# Input please, yr old buck hip problem??



## nancy d (Oct 5, 2007)

My yr old Boer buck seems weak in his right rear hip. He doesnt rear up to fight with his wether friend like he should & sort of collapses onto his rear. 
Today we trimmed feet & gave BoSe & CDT, could not find anything out of the ordinary on him.
Temp normal gums & eyelids great. Pee & poop normal. 
No abnormal heat in legs or hip.
He gets loose minerals high quality grass hay & Boer Goat Developer which is in the process of being eliminated. 
This is our first yr with a buck.
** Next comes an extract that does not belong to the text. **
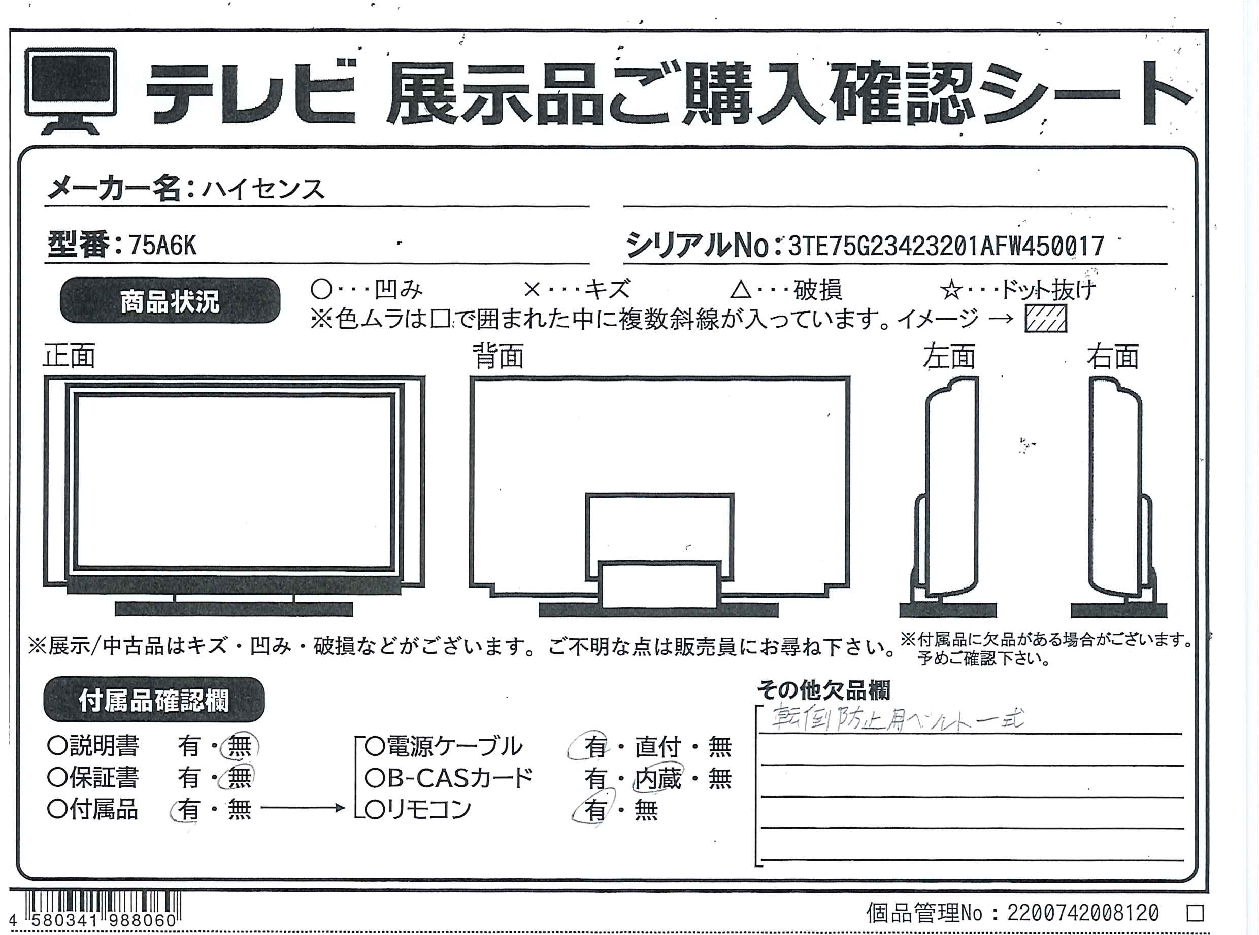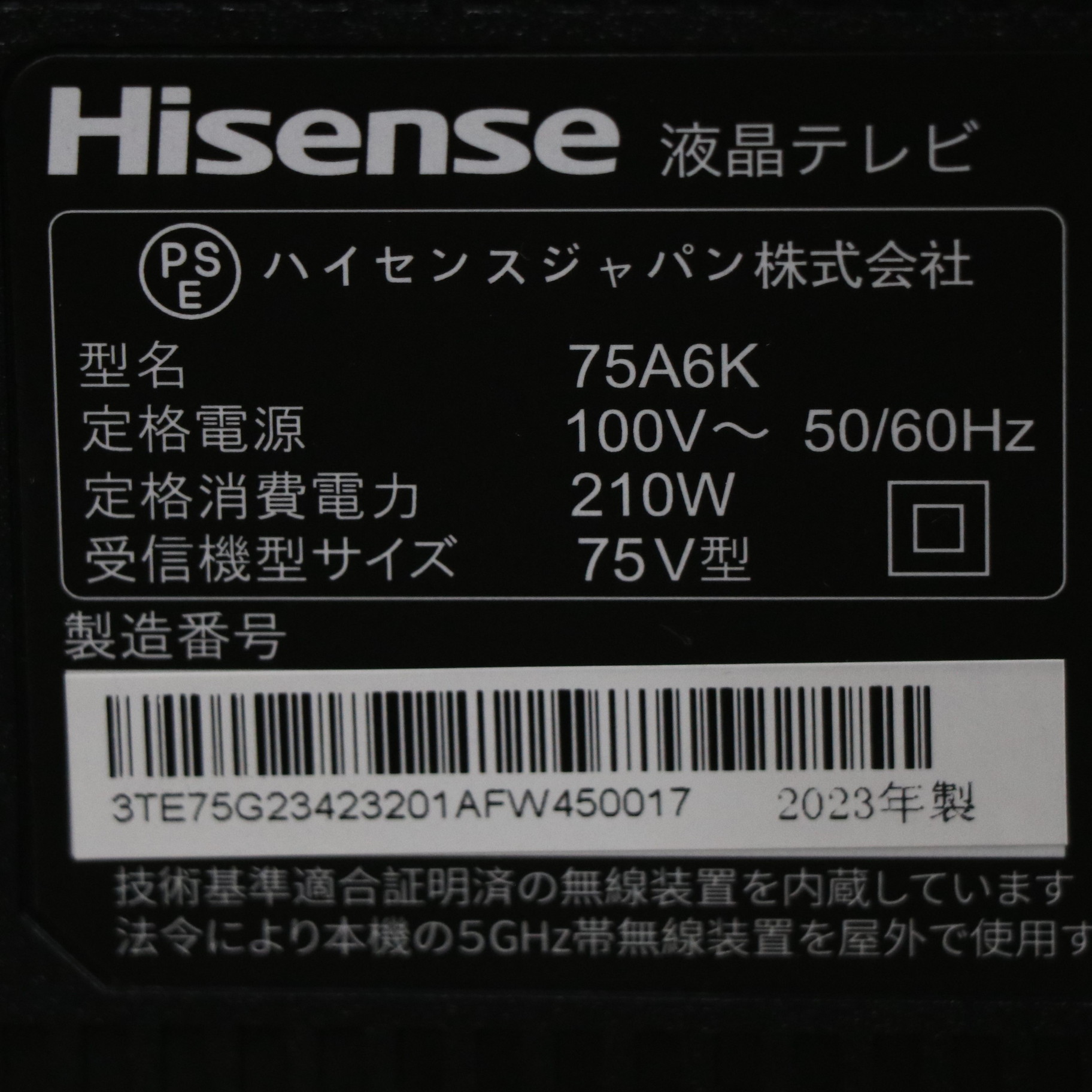 〔展示品〕 液晶テレビ 75A6K [75V型 /Bluetooth対応 /4K対応 /BS・CS 4Kチューナー内蔵 /YouTube対応]

Thanks for your input!


----------



## AlaskaBoers (May 7, 2008)

hmmm..that is truly puzzling..


----------



## SDK (Jun 26, 2008)

maybe like hip dysplasia in dogs?


----------



## Goober (Aug 21, 2009)

Could he have gotten it dislocated at some point?


----------



## nancy d (Oct 5, 2007)

Could be a dislocation but I havent felt anything that I could discern. Gave him a B shot this am seems about the same.


----------



## Shelly Borg (Nov 2, 2009)

If you can swing it I would look into getting him Xrayed. If its a degenerate problem you do not want to be passing it on to your offspring.


----------



## nancy d (Oct 5, 2007)

True enough Shelly, we kept two of his half sisters & a half bro/cousin, no problems at all.
Im wondering if this guy just grew too fast for his own good? 
He HAS fallen onto his back a few times in soft dirt. I would think it would take alot to put a goat back out of place.
Got to get some B for him here shortly.


----------



## ksalvagno (Oct 6, 2009)

Do you have whitetail deer in your area? Is there a possibility of Meningeal Worm? You usually see weakness in the back end first.


----------



## nancy d (Oct 5, 2007)

We have LGD's so no deer around.


----------



## ksalvagno (Oct 6, 2009)

Meningeal worm usually comes into the fields through snails. While the animal is grazing, they accidentally eat the snail. So the deer don't actually have to come through your field.


----------



## toth boer goats (Jul 20, 2008)

> Meningeal worm usually comes into the fields through snails. While the animal is grazing, they accidentally eat the snail. So the deer don't actually have to come through your field.


 that's a possibility....

Also... is he in with another buck? He may of got slammed and is bruised... :hug:


----------



## nancy d (Oct 5, 2007)

Definite possiblilty getting slammed by his wether friend.
There are snails here but no browse. Hay is fed off ground.


----------



## nancy d (Oct 5, 2007)

Hubby just found an animal chiropracter, we might try him. The only other alternative at this point is to put him down. If he's not stable in his rear he cant work.
Want you all to know this is our first buck born here that we have kept after 4 yrs of breeding. We are still learning.
This boy at 3 mos placed 3rd in some pretty tough competion with top breeders. Judge said he was "very correct on legs & feet" which was a top priority for 09 kids. 
I wont give up quite yet, though it is what it it is. Lord help us.


----------



## liz (Oct 5, 2007)

I really hope his problem can be healed...I too am thinking it possible that he got a hard hit.


----------



## toth boer goats (Jul 20, 2008)

> Definite possiblilty getting slammed by his wether friend.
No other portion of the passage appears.